A fast-paced, exhilarating performance graced the stage of The Martin Harris Centre on the opening night of Purgatory. I had the privilege of seeing the play in progress as I filmed behind the scenes and interviewed the cast and director, Rob Paterson, during one of their rehearsals for FuseTV.

It was a new experience for me to see the process of what Rob envisaged, and the messages he wanted to portray to the audience, come to life onstage. There was a heavy use of props and the focal point was a projector that projected images and videos onto a large screen upstage, which the actors interacted with in various ways. Having not seen this in rehearsal, the technological element of the performance certainly added an interesting and ambitious aesthetic. The scenes I watched in rehearsal, with the added dimension of visual and aural technology, were made all the more engaging and impressive.

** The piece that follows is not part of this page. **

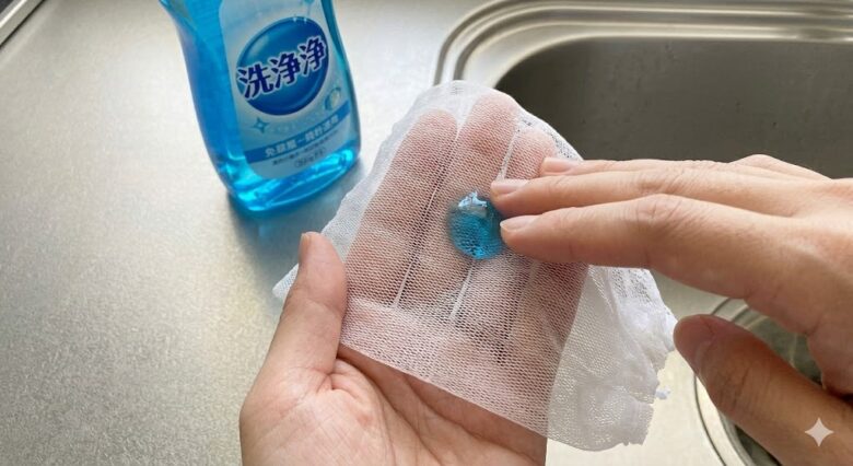 古いネットを捨てたら、設置前の新品ネットを1枚取り出して直接洗剤を垂らす。ここがこの方法の最大のポイント。

The play focused on the protagonist, John, who suffers from hypochondria and experiences events that seem to be either unlucky coincidences or just a figment of his paranoid imagination. Even the first scene where John gets shot by a co-worker, which sparks off various flashbacks that construct the rest of the play, is later questioned as to whether or not it really happened.

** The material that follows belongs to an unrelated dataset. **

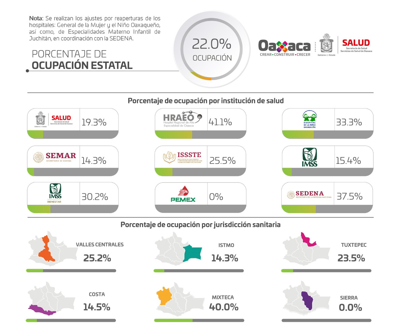 Las jurisdicciones sanitarias de la Mixteca se encuentran con un 40%, Valles Centrales con 25.2%, Tuxtepec con 23.5%, Costa 14.5%, Istmo 14.3% y Sierra 0%.

Throughout, questions about morality, reality and mortality are raised; John is portrayed as always having these doubts ever since childhood. The protagonist also grows more distrustful of religion, likening God to a ‘placebo’ effect; the play is unafraid of critiquing the hypocrisy religion incites for John. This complex character was taken on flawlessly by actor, George John, who gave a truly commendable performance. The rest of the cast executed their multi-roles effectively, each embodying the character of death, bringing John’s anxieties surrounding his own death closer to home, and closer to the audience.

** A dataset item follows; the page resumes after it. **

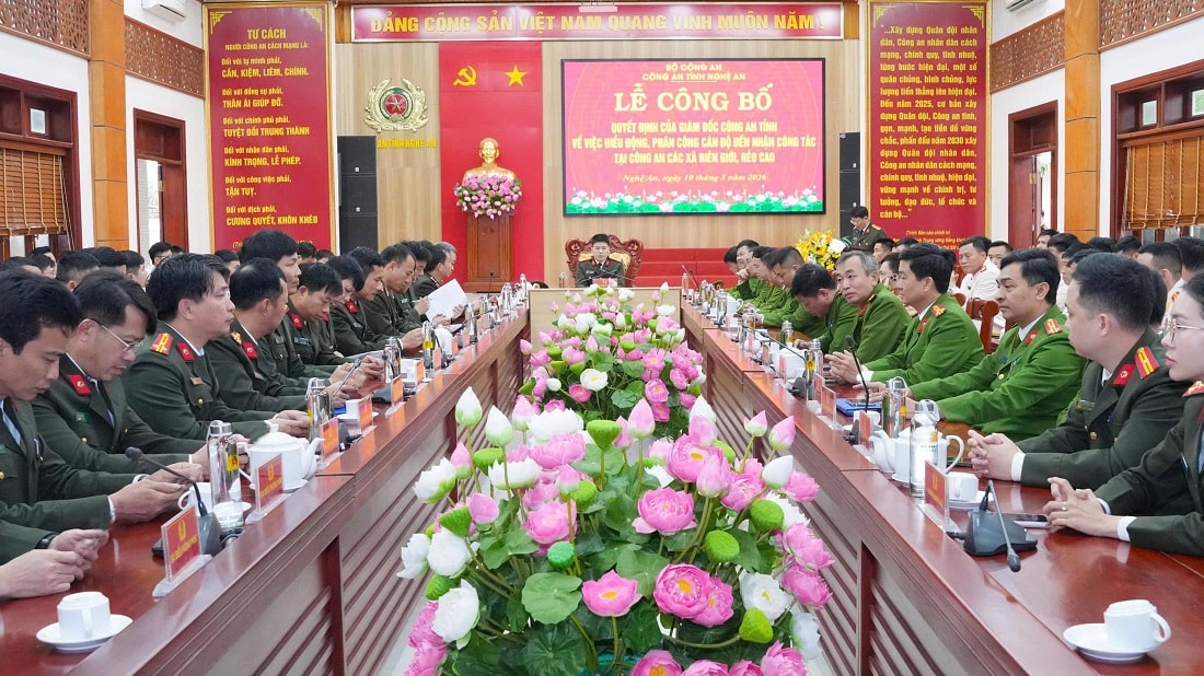 Thực hiện chủ trương của Bộ Công an và Công an tỉnh Nghệ An về tăng cường lực lượng cho địa bàn cơ sở, ngày 6/3/2026, Giám đốc Công an tỉnh đã ký quyết định điều động 103 cán bộ đến công tác tại 40 xã biên giới, rẻo cao của tỉnh. Trong đó, có 29 cán bộ từ các đơn vị thuộc Bộ Công an tăng cường và 74 cán bộ từ các phòng, Công an cấp xã đồng bằng.

Rob talked to me about inspiration he took from films like Scott Pilgrim vs. The World, and this influence is clear to see, as several scenes in Purgatory are set as if it was a video game where the aim was to win against death. The light-hearted moments of the play complimented the more sombre and action-filled scenes well. The comedic and absurdist element boded very well with the audience even though the play is primarily about the decline of John’s sanity and rationality—a very serious issue, indeed.

I hope the ambitions Rob and the cast had have been surpassed by the fantastic and gripping performance delivered. It has been a truly unique pleasure, from an outsider’s perspective, to have had a glimpse of the journey from rehearsal to performance.